STUDY MATERIAL |
* * *

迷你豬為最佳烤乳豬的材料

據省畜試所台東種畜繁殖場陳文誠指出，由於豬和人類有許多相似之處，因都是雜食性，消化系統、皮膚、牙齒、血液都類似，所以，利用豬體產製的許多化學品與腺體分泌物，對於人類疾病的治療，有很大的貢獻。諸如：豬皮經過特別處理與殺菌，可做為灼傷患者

* * *

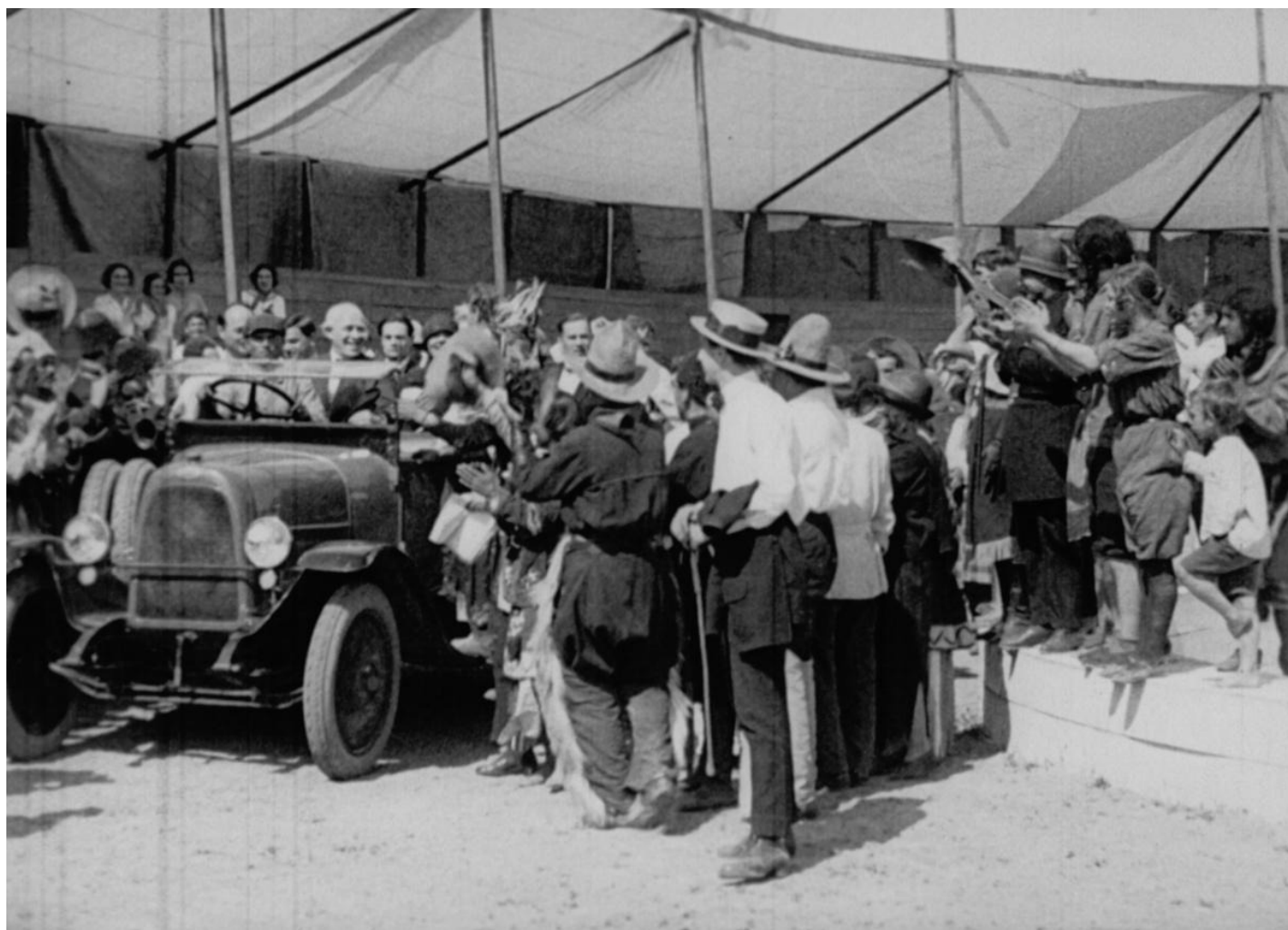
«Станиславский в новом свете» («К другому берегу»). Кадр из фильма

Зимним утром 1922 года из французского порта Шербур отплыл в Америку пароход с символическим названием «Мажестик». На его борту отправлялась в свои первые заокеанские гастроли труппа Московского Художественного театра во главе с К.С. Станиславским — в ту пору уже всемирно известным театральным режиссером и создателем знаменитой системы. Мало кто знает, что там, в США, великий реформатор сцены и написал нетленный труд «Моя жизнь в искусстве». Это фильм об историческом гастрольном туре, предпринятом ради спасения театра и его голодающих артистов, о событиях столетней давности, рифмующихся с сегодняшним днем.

* * *

TASK DETAILS | Word for word, restate the lines of the listing above starting at the line with "迷你豬為最佳烤乳豬的材料" and ending at the line with "據省畜試所台東種畜繁殖場陳文", and nothing outside them.

SOLUTION TO THIS EXERCISE |
迷你豬為最佳烤乳豬的材料

據省畜試所台東種畜繁殖場陳文誠指出，由於豬和人類有許多相似之處，因都是雜食性，消化系統、皮膚、牙齒、血液都類似，所以，利用豬體產製的許多化學品與腺體分泌物，對於人類疾病的治療，有很大的貢獻。諸如：豬皮經過特別處理與殺菌，可做為灼傷患者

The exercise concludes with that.